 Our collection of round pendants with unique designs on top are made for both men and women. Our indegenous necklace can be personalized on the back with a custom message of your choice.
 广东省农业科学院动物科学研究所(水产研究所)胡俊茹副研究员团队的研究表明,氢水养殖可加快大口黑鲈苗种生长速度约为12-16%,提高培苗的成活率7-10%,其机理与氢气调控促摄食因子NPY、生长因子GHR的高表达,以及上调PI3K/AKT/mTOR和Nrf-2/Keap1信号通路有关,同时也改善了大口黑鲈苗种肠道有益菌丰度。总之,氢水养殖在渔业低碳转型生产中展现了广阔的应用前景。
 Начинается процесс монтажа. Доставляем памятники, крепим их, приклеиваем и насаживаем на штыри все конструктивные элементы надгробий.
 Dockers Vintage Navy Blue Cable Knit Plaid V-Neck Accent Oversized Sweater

* * *

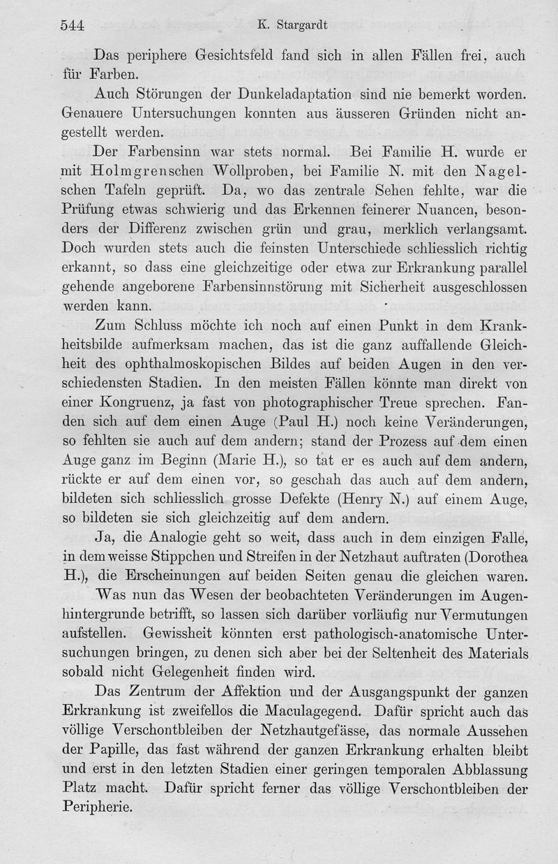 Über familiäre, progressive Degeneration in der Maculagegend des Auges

* [TASK STATEMENT]: Reproduce, exactly as they stand in the data above, the lines from the one that holds "Начинается процесс монтажа." to the one that holds "Dockers Vintage Navy", inclusive.

* [EXERCISE RESULT]:
 Начинается процесс монтажа. Доставляем памятники, крепим их, приклеиваем и насаживаем на штыри все конструктивные элементы надгробий.
 Dockers Vintage Navy Blue Cable Knit Plaid V-Neck Accent Oversized Sweater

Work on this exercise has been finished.